A guide to image illumination editing with OpenCV
In digital image processing, a lot of various methods are used to increase the quality of the image such as noise reduction, high resolution, etc. Image illumination is one such technique that highly affects the quality of the photo. This technique is used to enhance the lighting which is nothing. By using a certain technique we illuminate the image, which means we are removing the darkness of the image. In context to image illuminating, in this article, we are going to discuss image illumination, what are the different methods and lastly a python-based implementation to understand this practice. Following are the major points listed that are to be discussed in this post.
Table of content
- What is image illumination?
- What are different methods for illumination?
- Image illumination editing with OpenCV
What is image illumination?
The basic meaning of illumination is the light that is observed on your screen right now. The photographs which are captured in low lighting conditions give less information than photographs with more lights. Professionals use image illumination techniques to improve the overall quality of the image.
For the given darker images that look too dull and tasteless, it is important for us to remove their darkness. So for this, we have to pre-process the image. There are various methods and libraries available that help to illuminate the images such as PIL or in advanced terms with GAN’s we can also address this problem. Next section we’ll discuss some methods for image illumination.
What are different methods for illumination?
There are different methods of illuminating images, first simply with the help of Python Imaging Library (PIL) which has solid image processing capabilities, one of them is illuminating images, with inbuilt predefined method ImageEnhance.Brightness” we can perform image illumination in one line.

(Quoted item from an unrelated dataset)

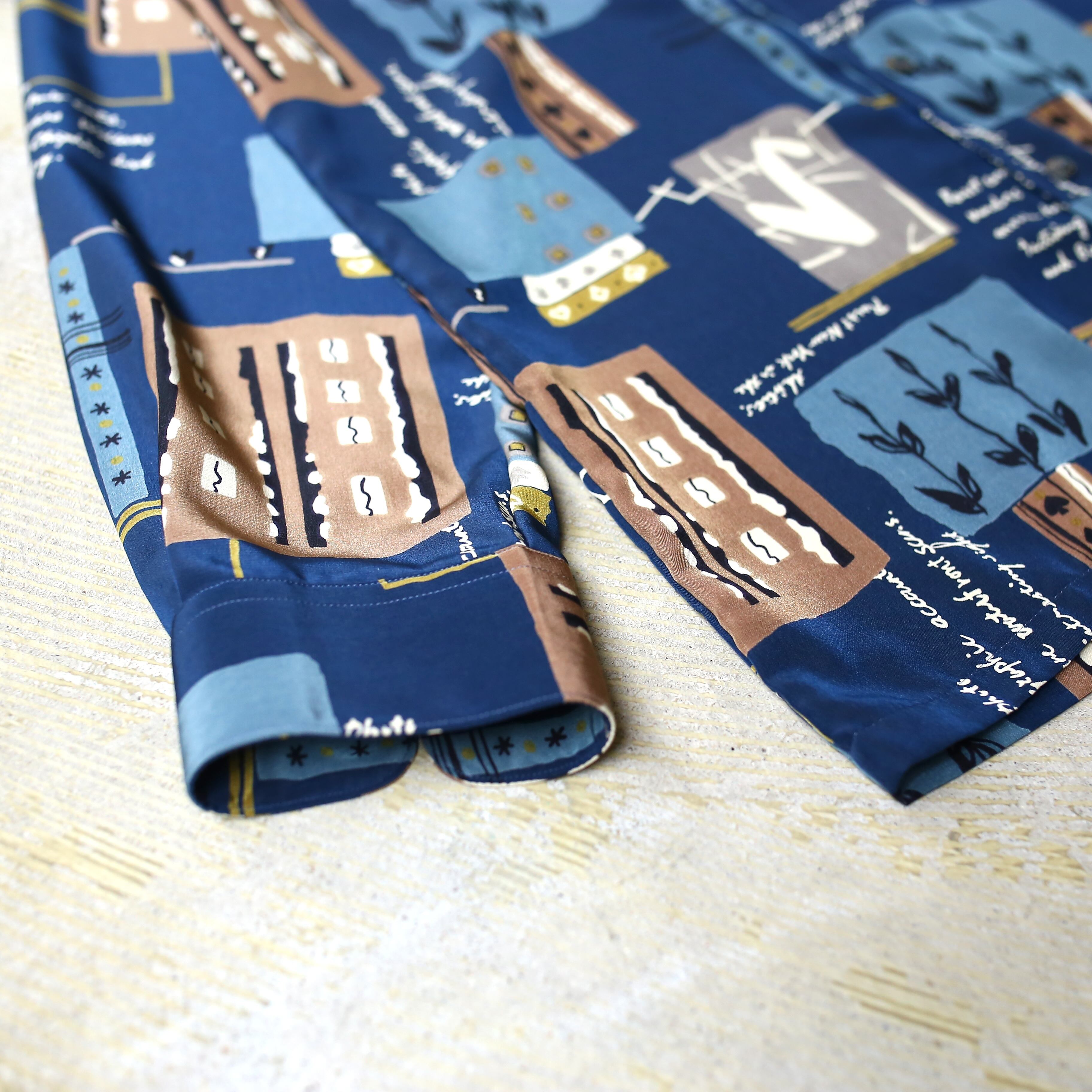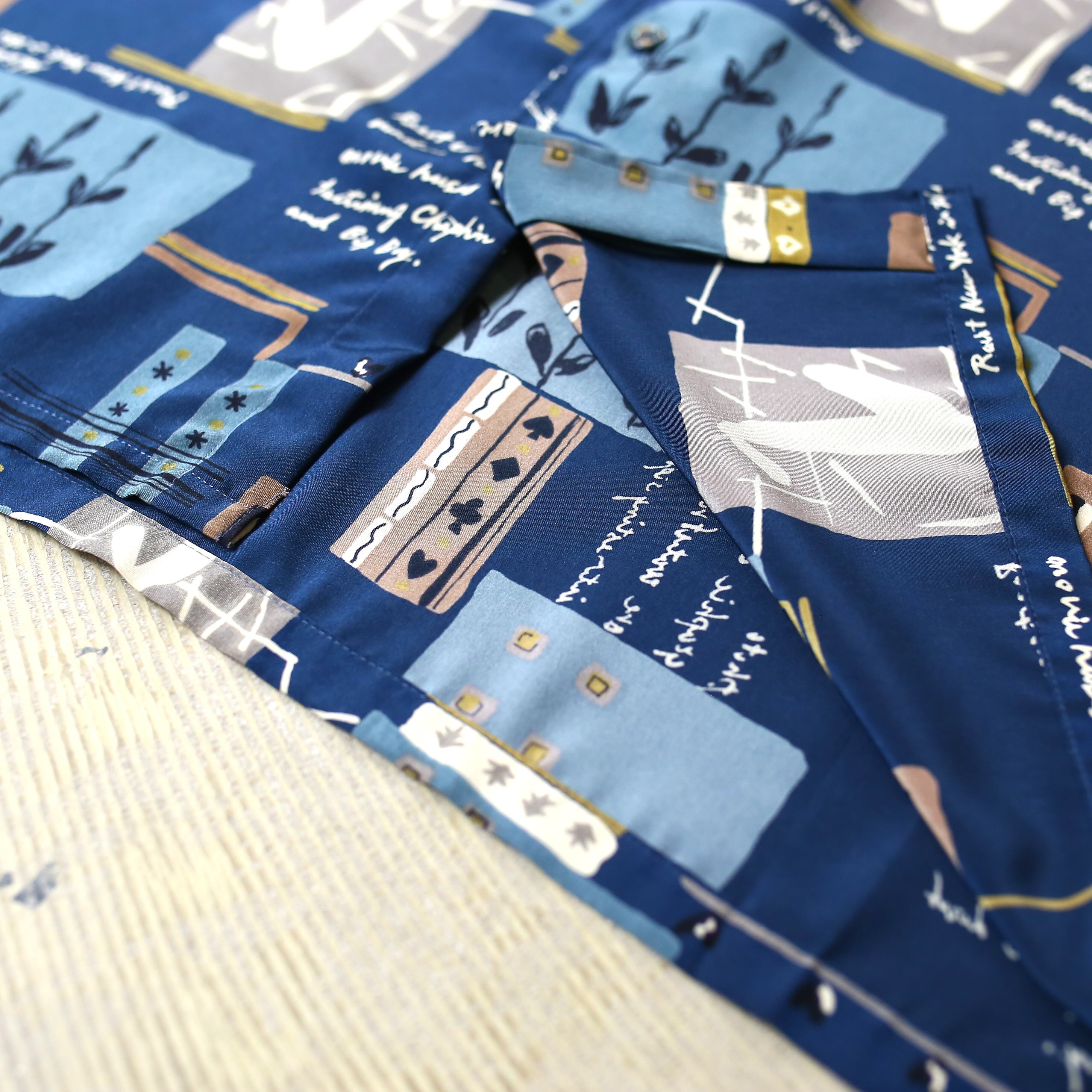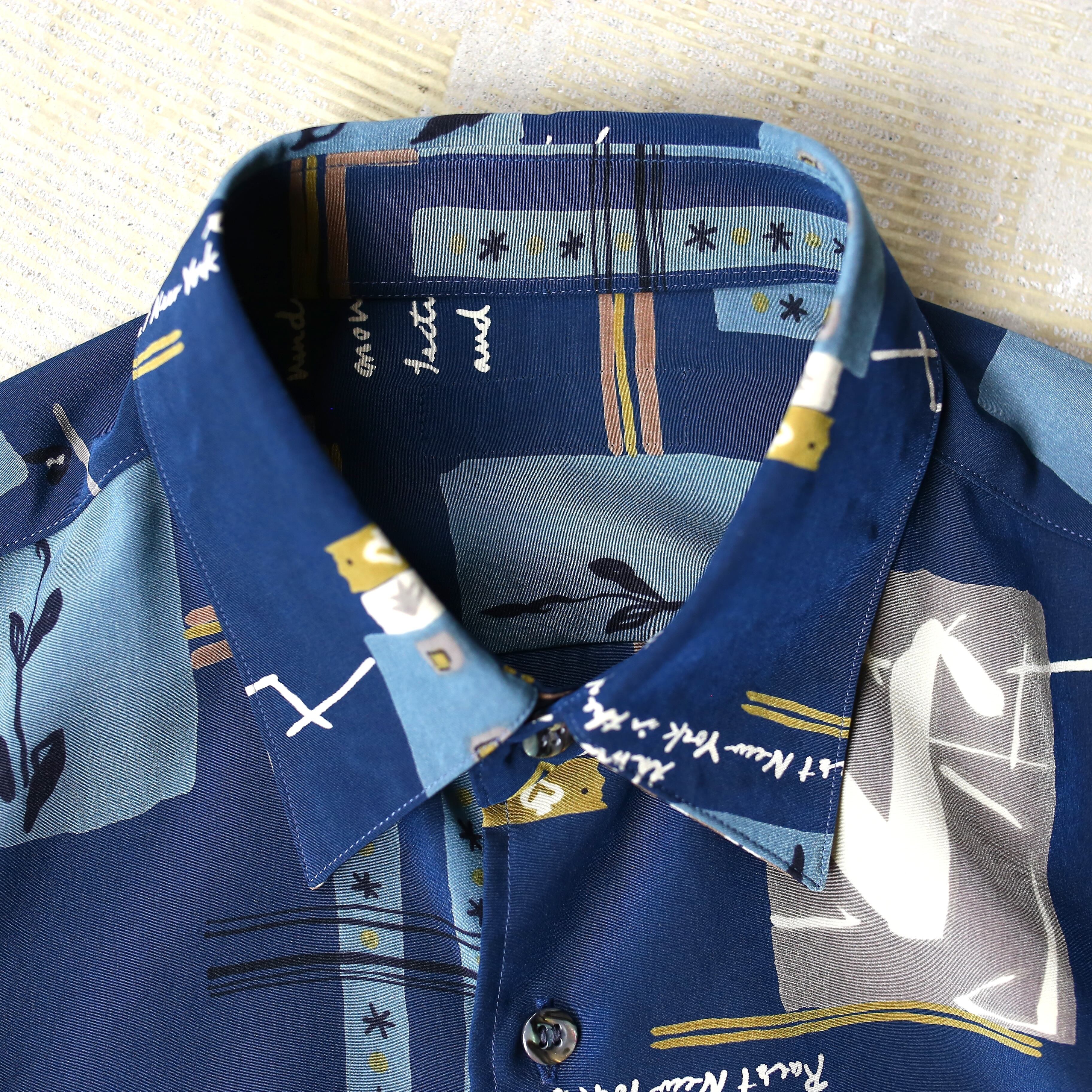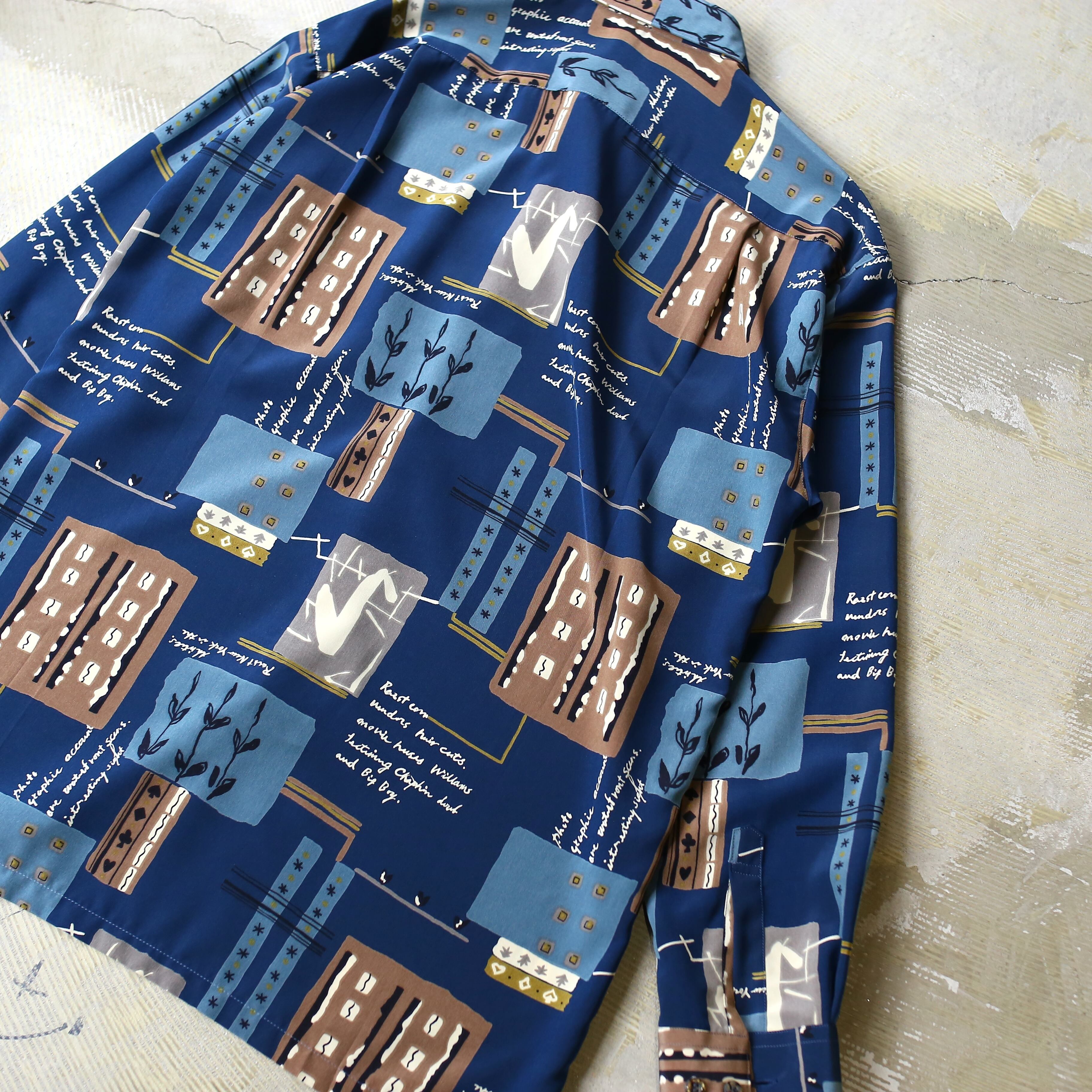 ・ネイビーベースにアートな総柄を施した、デザイン長袖シャツ。

Another way is to use advanced models like deep learning GANs. These models are extremely expensive. First, they need a huge dataset and then GPU power to first get trained and then perform illumination. Finally in our list is gamma correction which we are going to implement with the help of the cv2 python library. Gamma correction is more efficient in storing the image’s tones.
Image illumination editing with OpenCV
One solution which is very famous and effective is gamma correction. Gamma correction is a technique that controls the brightness of an image. By adjusting the gamma value we can remove the darkness of an image.
Now let’s start with implementing the Gamma correction method.
import numpy as np
import pandas as pd
import cv2 as cv
from google.colab.patches import cv2_imshow # for image display
from skimage import io
from PIL import Image
import matplotlib.pylab as plt
nat = io.imread('/content/photo-1610878180933-123728745d22.jfif')
nat_2 = cv.cvtColor(nat, cv.COLOR_BGR2RGB)
cv2_imshow(nat_2)
def gammaCorrection(src, gamma):
invGamma = 1 / gamma
table = [((i / 255) ** invGamma) * 255 for i in range(256)]
table = np.array(table, np.uint8)
return cv.LUT(src, table)
gamma = 2.5 # change the value here to get different result
adjusted = gammaCorrection(nat_2, gamma=gamma)
cv2_imshow(adjusted)
Now see the result with gamma value 2.5, It significantly improves the image brightness, now it looks more pleasing than the original image.
Final words
In this article, we have discussed what is image illumination and what are the different methods that can be used to illuminate the dark image. We practically implemented the Gamma correction method using OpenCV which syncs the image in a human perspective manner and finally results show us how it improves the illuminance level.